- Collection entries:
((

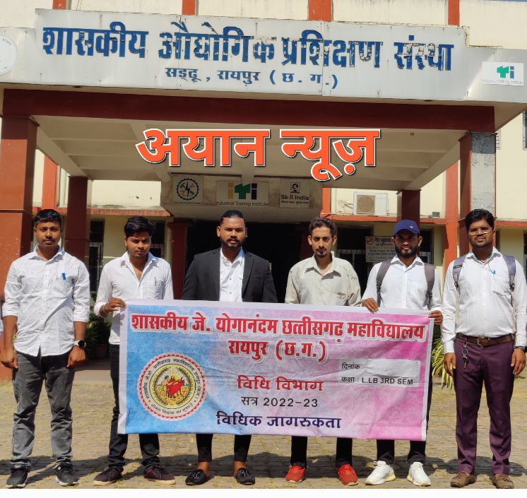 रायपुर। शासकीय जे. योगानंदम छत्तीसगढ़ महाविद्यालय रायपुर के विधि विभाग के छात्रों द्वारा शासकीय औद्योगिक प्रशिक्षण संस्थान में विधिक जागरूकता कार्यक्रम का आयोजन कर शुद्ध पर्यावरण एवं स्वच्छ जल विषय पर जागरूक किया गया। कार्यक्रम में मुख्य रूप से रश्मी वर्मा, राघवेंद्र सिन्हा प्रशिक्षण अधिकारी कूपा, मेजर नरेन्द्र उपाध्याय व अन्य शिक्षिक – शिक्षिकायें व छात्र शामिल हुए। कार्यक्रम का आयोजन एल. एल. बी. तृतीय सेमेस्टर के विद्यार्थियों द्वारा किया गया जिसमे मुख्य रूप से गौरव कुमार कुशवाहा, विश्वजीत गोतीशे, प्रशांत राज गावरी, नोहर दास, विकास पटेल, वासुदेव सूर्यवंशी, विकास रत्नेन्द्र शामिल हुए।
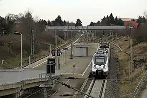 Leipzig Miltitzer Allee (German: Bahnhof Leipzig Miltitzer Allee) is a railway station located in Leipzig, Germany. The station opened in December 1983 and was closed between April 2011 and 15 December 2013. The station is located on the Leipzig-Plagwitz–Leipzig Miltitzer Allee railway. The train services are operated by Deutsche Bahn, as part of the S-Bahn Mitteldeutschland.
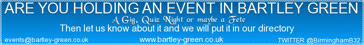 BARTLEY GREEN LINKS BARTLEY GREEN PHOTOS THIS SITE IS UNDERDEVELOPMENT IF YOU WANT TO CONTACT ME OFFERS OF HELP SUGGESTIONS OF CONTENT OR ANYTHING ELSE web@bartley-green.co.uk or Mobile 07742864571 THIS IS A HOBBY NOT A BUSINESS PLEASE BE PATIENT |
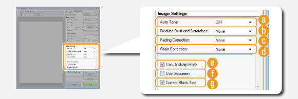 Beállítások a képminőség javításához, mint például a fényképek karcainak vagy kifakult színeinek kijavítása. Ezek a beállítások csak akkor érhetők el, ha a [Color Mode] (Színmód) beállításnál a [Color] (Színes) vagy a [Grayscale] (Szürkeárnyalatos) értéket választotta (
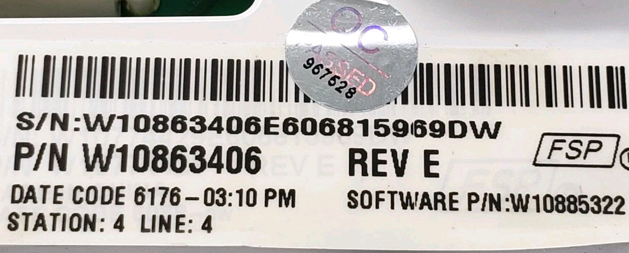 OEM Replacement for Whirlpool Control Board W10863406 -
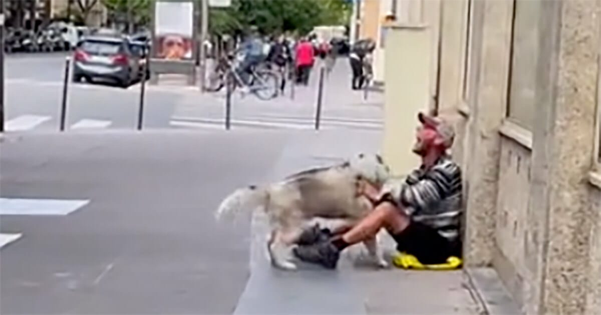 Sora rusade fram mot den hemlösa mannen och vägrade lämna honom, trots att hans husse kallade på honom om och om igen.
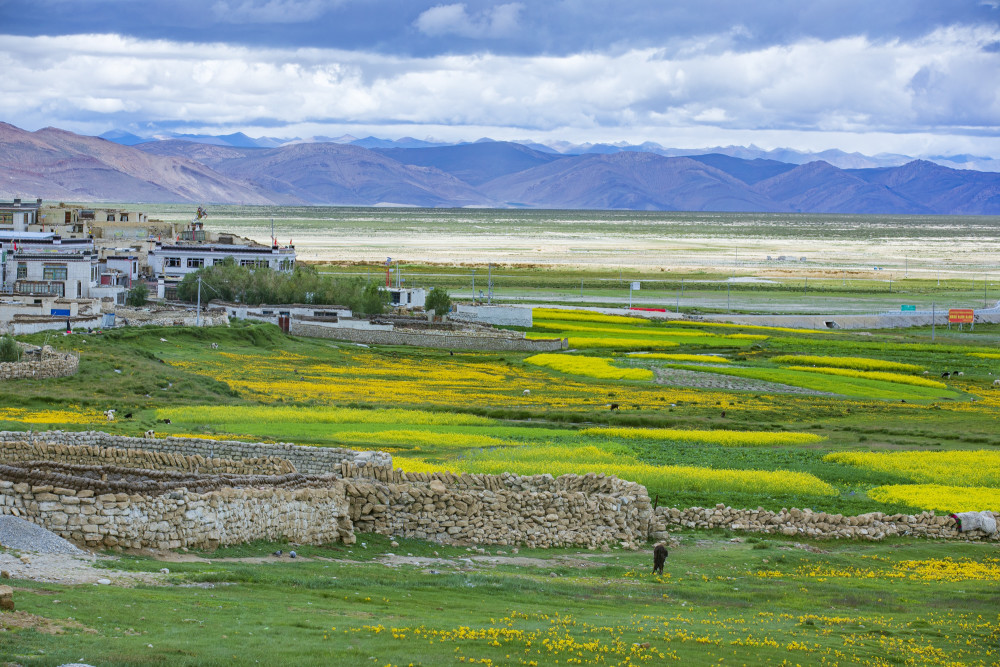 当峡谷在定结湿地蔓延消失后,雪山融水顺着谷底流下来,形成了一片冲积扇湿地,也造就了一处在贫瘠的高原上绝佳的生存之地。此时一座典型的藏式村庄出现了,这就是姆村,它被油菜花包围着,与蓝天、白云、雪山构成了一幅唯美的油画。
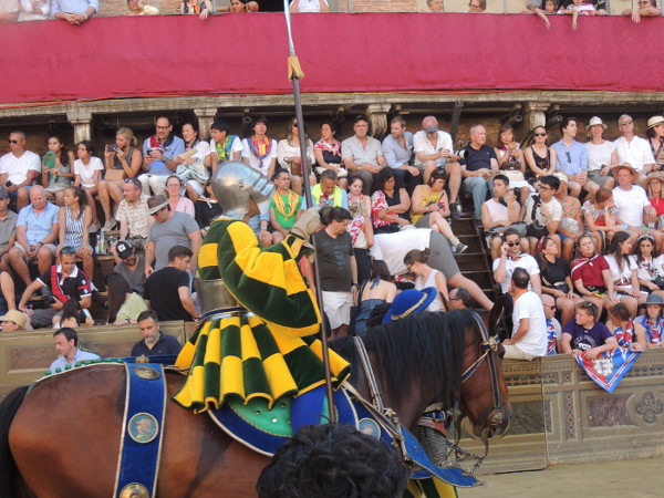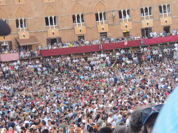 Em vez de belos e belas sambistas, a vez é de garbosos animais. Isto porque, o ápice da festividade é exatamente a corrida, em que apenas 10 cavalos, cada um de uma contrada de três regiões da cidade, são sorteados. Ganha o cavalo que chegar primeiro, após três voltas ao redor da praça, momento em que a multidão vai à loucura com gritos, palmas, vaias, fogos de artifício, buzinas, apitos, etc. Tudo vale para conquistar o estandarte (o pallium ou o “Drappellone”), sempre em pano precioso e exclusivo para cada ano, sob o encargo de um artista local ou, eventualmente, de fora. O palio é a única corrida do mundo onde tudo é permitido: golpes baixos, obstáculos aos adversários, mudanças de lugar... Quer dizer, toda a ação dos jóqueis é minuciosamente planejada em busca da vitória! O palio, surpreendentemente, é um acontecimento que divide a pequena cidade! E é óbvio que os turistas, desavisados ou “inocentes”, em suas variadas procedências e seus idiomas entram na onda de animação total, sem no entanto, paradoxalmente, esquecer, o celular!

))

- Assigned task:
If a picture appears among the records, leave it out, and otherwise reproduce exactly every line from the first line through the one with "Sora rusade fram", both included.

- Solution to the exercise:
 रायपुर। शासकीय जे. योगानंदम छत्तीसगढ़ महाविद्यालय रायपुर के विधि विभाग के छात्रों द्वारा शासकीय औद्योगिक प्रशिक्षण संस्थान में विधिक जागरूकता कार्यक्रम का आयोजन कर शुद्ध पर्यावरण एवं स्वच्छ जल विषय पर जागरूक किया गया। कार्यक्रम में मुख्य रूप से रश्मी वर्मा, राघवेंद्र सिन्हा प्रशिक्षण अधिकारी कूपा, मेजर नरेन्द्र उपाध्याय व अन्य शिक्षिक – शिक्षिकायें व छात्र शामिल हुए। कार्यक्रम का आयोजन एल. एल. बी. तृतीय सेमेस्टर के विद्यार्थियों द्वारा किया गया जिसमे मुख्य रूप से गौरव कुमार कुशवाहा, विश्वजीत गोतीशे, प्रशांत राज गावरी, नोहर दास, विकास पटेल, वासुदेव सूर्यवंशी, विकास रत्नेन्द्र शामिल हुए।
 Leipzig Miltitzer Allee (German: Bahnhof Leipzig Miltitzer Allee) is a railway station located in Leipzig, Germany. The station opened in December 1983 and was closed between April 2011 and 15 December 2013. The station is located on the Leipzig-Plagwitz–Leipzig Miltitzer Allee railway. The train services are operated by Deutsche Bahn, as part of the S-Bahn Mitteldeutschland.
 BARTLEY GREEN LINKS BARTLEY GREEN PHOTOS THIS SITE IS UNDERDEVELOPMENT IF YOU WANT TO CONTACT ME OFFERS OF HELP SUGGESTIONS OF CONTENT OR ANYTHING ELSE web@bartley-green.co.uk or Mobile 07742864571 THIS IS A HOBBY NOT A BUSINESS PLEASE BE PATIENT |
 Beállítások a képminőség javításához, mint például a fényképek karcainak vagy kifakult színeinek kijavítása. Ezek a beállítások csak akkor érhetők el, ha a [Color Mode] (Színmód) beállításnál a [Color] (Színes) vagy a [Grayscale] (Szürkeárnyalatos) értéket választotta (
 OEM Replacement for Whirlpool Control Board W10863406 -
 Sora rusade fram mot den hemlösa mannen och vägrade lämna honom, trots att hans husse kallade på honom om och om igen.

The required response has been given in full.